There is no doubt to me, 2 DAW's (which is different to Bos' 2 Box process), Having your Mastering software on the second DAW (2 DAW system) is superior in every way. Its really the preferred hybrid Mastering process and imho, the ultimate way to hybrid mix into a master bus.
If I can use the term best without sounding arrogant... A 2 DAW system such as I describe allows you to mix hardware OTB while being at two different sample rates at the same time.

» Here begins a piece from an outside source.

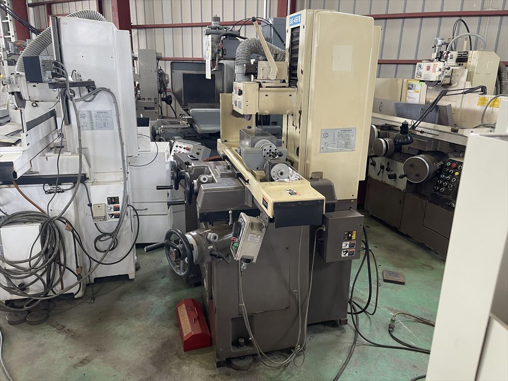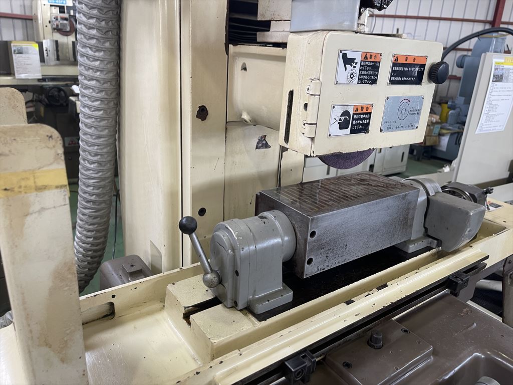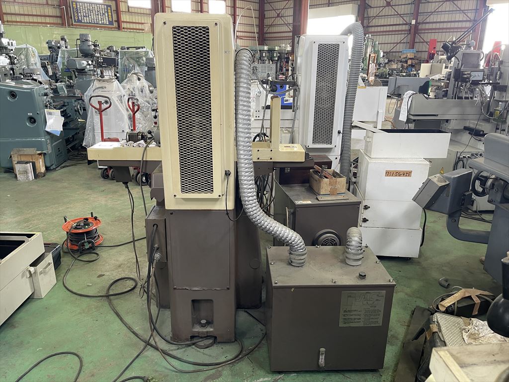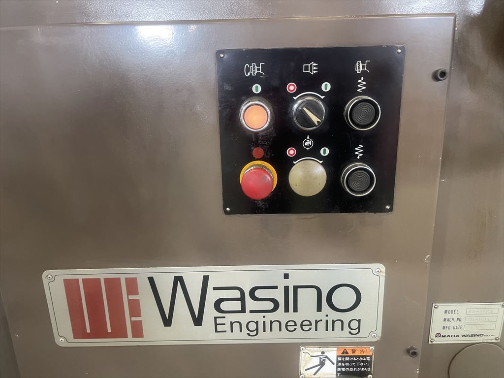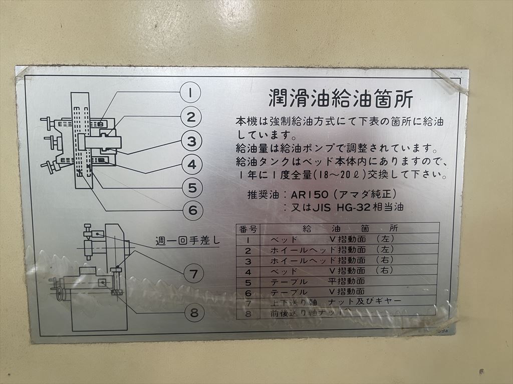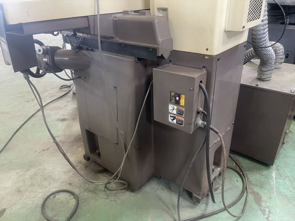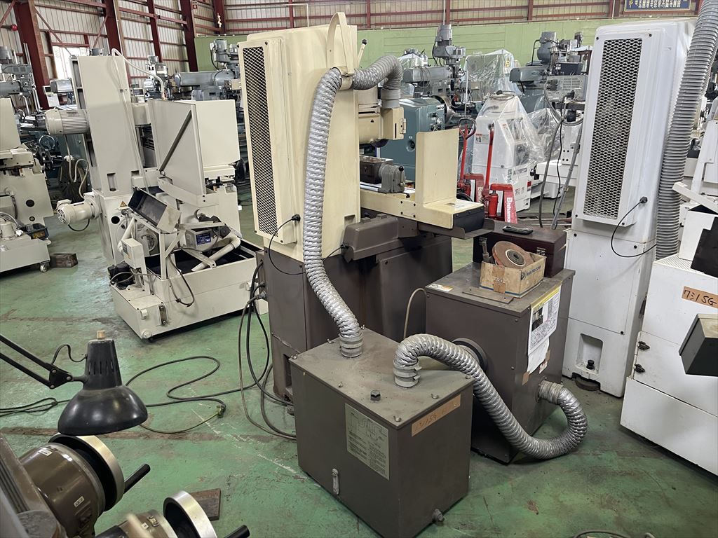 〇特徴  全手動式(上下は早送り付) 上下・前後微細送り装置  テーブル左右動きにワシノ独自の「ローラーウェイ方式」  ハンドル初動圧が極めて小さい軽快で安定したテーブル操作が可能 〇チャック  傾斜チャック(サインバー式):幅270×奥行125×高さ135mm 〇テーブル  作業面積450×150 T溝(幅)17×1本 〇移動量  左右:テーブル左右最大移動量480mm 前後:サドル前後最大移動量180mm  上下:テーブル上面から標準砥石面までの距離447mm 〇ハンドル送り量  左右:ハンドル送り1回転100mm  前後:ハンドル送り(1目盛/1回転):0.02/4 前後微動送り量0.001mm  上下ハンドル送り(1目盛り/1回転):0.005/1  上下:ハンドル送り微動送り量0.001mm  ※上下早送り機能付き(速度500mm/min) 〇砥石  寸法:外径φ205mm×幅6.4-25mm×φ31.75mm 回転数:2850rpm 〇モータ  砥石軸用:0.75kw-2P 上下早送り用:0.1kw-6P 〇機械寸法・重量  幅1820mm×奥行1278mm×高さ1775mm 機械質量1000㎏ 〇付属品  集塵機付
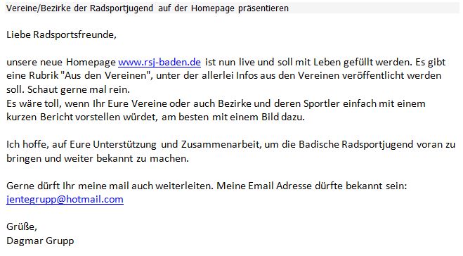 07.07.18 | Adressprüfung | Ich bitte alle Vereine Ihre Adressangaben die hier hinterlegt sind zu prüfen u. falls nötig mir die Korrekturen mitzuteilen. Vielen Dank. |

Its truly the ultimate way to break a pro audio workflow down for study.

pcrecord, post: 455348, member: 46460 wrote: I hope one of you could post a comparaison of 1 DAW exported file vs a 2 DAW summing setup.
Every time you mix on a 2 DAW system (not 2 box) you hear exactly what the differences are in real time and can make solid adjustments based on 3 variable points of the 2 DAW workflow in real time.
What is comes down to is being able to hear changes better including the mix going from 96k to Mp3 pretty much in real time. You mix at 96, 192 etc and adjust your mix in real time on DAW2 master section. Its hard to explain all the attributes but there is no doubt to me, if you are going to use two computers, the second DAW should be uncoupled and have mastering software and the hybrid designed monitoring controller there as well. Thus a 2 DAW system. :)

pcrecord, post: 455348, member: 46460 wrote: There must be a definitive difference to engage such investment (2 daw, 2 interfaces, 2 computers..)
Its all about having more ability to hear and insert hardware between two DAW's. Its simple way more fun and fluid. Better workflow. Better way to learn, A/B compare and demystify.

DonnyThompson, post: 455349, member: 46114 wrote: I know one thing for sure...I think we're gonna have a lot of fun doing it.
Absolutely!

pcrecord, post: 455351, member: 46460 wrote: I'm still in the cloud about one aspect. Is it possible that the playback of some DAWs are not full resolution to save CPU usage ?
Or is it possible that a busy mix gets a lesser quality to keep up?
After owning Pro Tools and getting sucked into the bloat, I'd say the more bloat the more vanilla everything gets.

When I switched to Samplitude, the difference in sound quality was not subtle. I instantly started using less plugins so I can;t say for sure if its that but there is definitely something to be said about less is more.

Member for

12 years 9 months

dvdhawk Mon, 01/22/2018 - 10:37
audiokid, post: 455353, member: 1 wrote: Another really awesome preamp I've owned, which never got much love around the world is the PreSonus ADL 600. They sound great. They are full of character.

And that right there is a perfect example of why we shouldn't let other people make up our mind about how good, or how bad, something sounds. A perfectly good product comes out with a bunch of marketing hype and a couple rosy reviews and everyone jumps on the bandwagon. Then inevitably some percentage of buyers will jump off the bandwagon as quickly as they jumped on - complaining all the way, because they became disenchanted for any number of reasons.*

*Just a few reasons to choose from: It's all very subjective. Their unit may differ from mine (condition, revisions, manufacturing, parts). They may have a 'lemon', or the one holy grail unit ever made. The material they're feeding it will certainly be different. Their monitoring environment, their personal preferences and prejudices. They may be compensated to have an opinion, one way or the other. The placebo effect, purchase justification. Poor understanding of what a unit was actually designed to do, and uninformed/unrealistic expectations. The list goes on and on.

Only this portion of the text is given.